Frost & Sullivan analistleri, Kuzey Amerika'da alternatif yakıt pazarının henüz olgunlaşmadığını ortaya koyuyor. Alternatif yakıt teknolojisinin popüler hale gelmesi için OEM'lerin ilgisinin ve üretim hatlarının artması gerekiyor. Dolayısıyla hükümetlerin düşük emisyon taleplerine daha çok kulak vermesi ve uzun vadeli teşvik programlarını yürürlüğe koyması büyük önem taşıyor.

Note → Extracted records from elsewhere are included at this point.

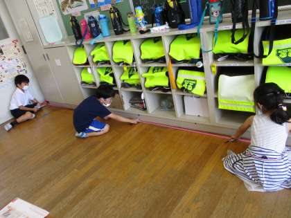 グループごとに分かれて、教室内のいろいろなものの長さを紙テープに写し取りました。教室の横の長さを測ったり、机の脚を測ったりしていました。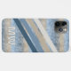Motif en diagonale rétro contemporaine de couleur moyenne et gris clair, marron taupe et bleu foncé sur un arrière - plan dégradé foncé assorti. Avec l'option de customiser ou de personnaliser avec un nom, un monogramme ou des initiales de votre choix. Belle couverture moderne et cool pour le brancheur tendance et amateur d'art branché, amoureux de motifs artistiques qui veut protéger leur téléphone de la poussière et de la saleté, de l'usure et de la déchirure. Cette conception est disponible pour les coques de téléphones cellulaires Apple iPhone 6, 7 et 8 Plus, 10 ou X, XR, XS, 11, 12, 13 Mini, 14, 15 Plus et Pro Max. Montrez votre style, regardez à la mode, et sentez élégant avec un design unique sur un accessoire mobile de votre choix.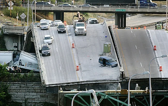 Due to an outdated design, a section of the freeway bridge collapsed during rush hour, sending several cars into the Mississippi River. Thirteen people were killed and 145 injured.

Frost & Sullivan'ın raporunda ayrıca yolcu taşıma segmentinde sadece bir ürün bulunduğuna da dikkat çekiliyor ve diğer OEM'lerin bu alanda ürün geliştirmeye karar vermeleriyle tüketicilerin çok daha geniş bir bakış açısına sahip olacaklarına vurgu yapılıyor.